# Buying first snowboard, advice/opinions appreciated



## snowklinger (Aug 30, 2011)

derlei said:


> Hey guys, looking to buy my first snowboard/bindings/boots after years of renting, trying to catch end-of-season deals.
> 
> I grew up on the US East Coast, first skiing and then snowboarding in the Poconos and sometimes Killington. Recently spent some time in Asia and went boarding in Niseko several times—couldn't believe what I'd been missing out on.

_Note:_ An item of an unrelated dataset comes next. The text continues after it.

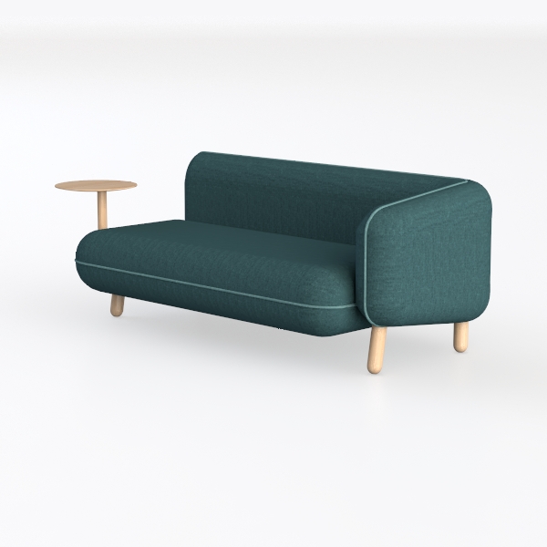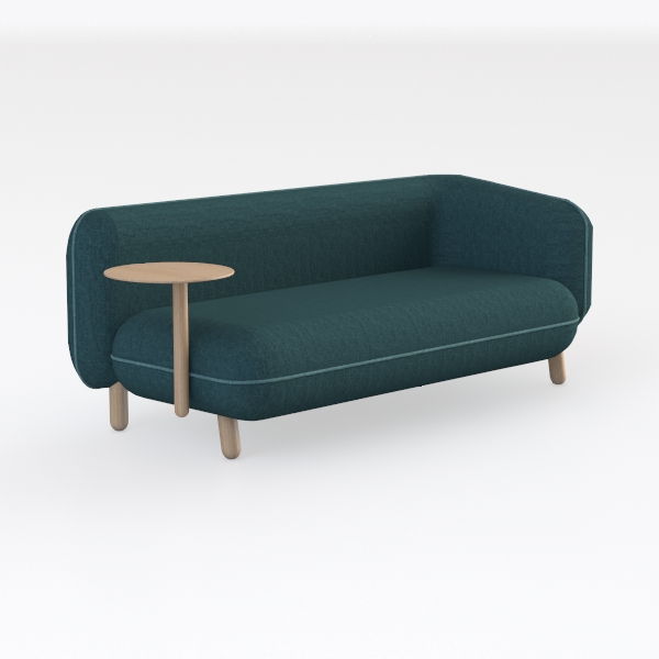 Inspired by modern minimalist design, this exquisite seating piece brings a touch of elegance and comfort to any living space. The rich, deep teal fabric offers a soft texture that invites relaxation, while the sleek lines and gentle curves enhance its visual appeal. The light wood accents on the legs and attached side table create a harmonious contrast, adding warmth and a natural element.

I'm back on the East Coast but will probably have to venture out west to find good snow again.
> 
> ...


Decent prices, board is small but maybe you are small.

A bit pricey on the bindings but whatever, nothing worth freaking out about.

What size street shoe do you wear? (If you way 10-11, ur golden, if 9-9.5, them 9.5 probalby too big)


----------



## ctoma (Aug 9, 2011)

I saw the same thing, shoe size and boot size are the same. Most riders I know size down anywhere from ½ to 1½ sizes when it comes to a snowboard boot. Did you try on the boots before purchasing? Keep in mind they will pack out. Also, the boots are 2014, did you buy these a year or two ago or buy older boots?

That's not a bad price for those bindings, I'm seeing a lot of $179 online. My gripe with Rome bindings is I have had multiple issues with bad ratchets on 390s and Targas.


----------



## derlei (May 18, 2016)

Thanks for the quick reactions guys!

Boots: My street shoe size is 9.5. I've tried the boots on with my boarding socks and it was a pretty snug fit—my toes are just touching the front inside end. Liners haven't been heat molded yet though. Older model was on sale at ThirtyTwo's web site, got them a couple months ago. 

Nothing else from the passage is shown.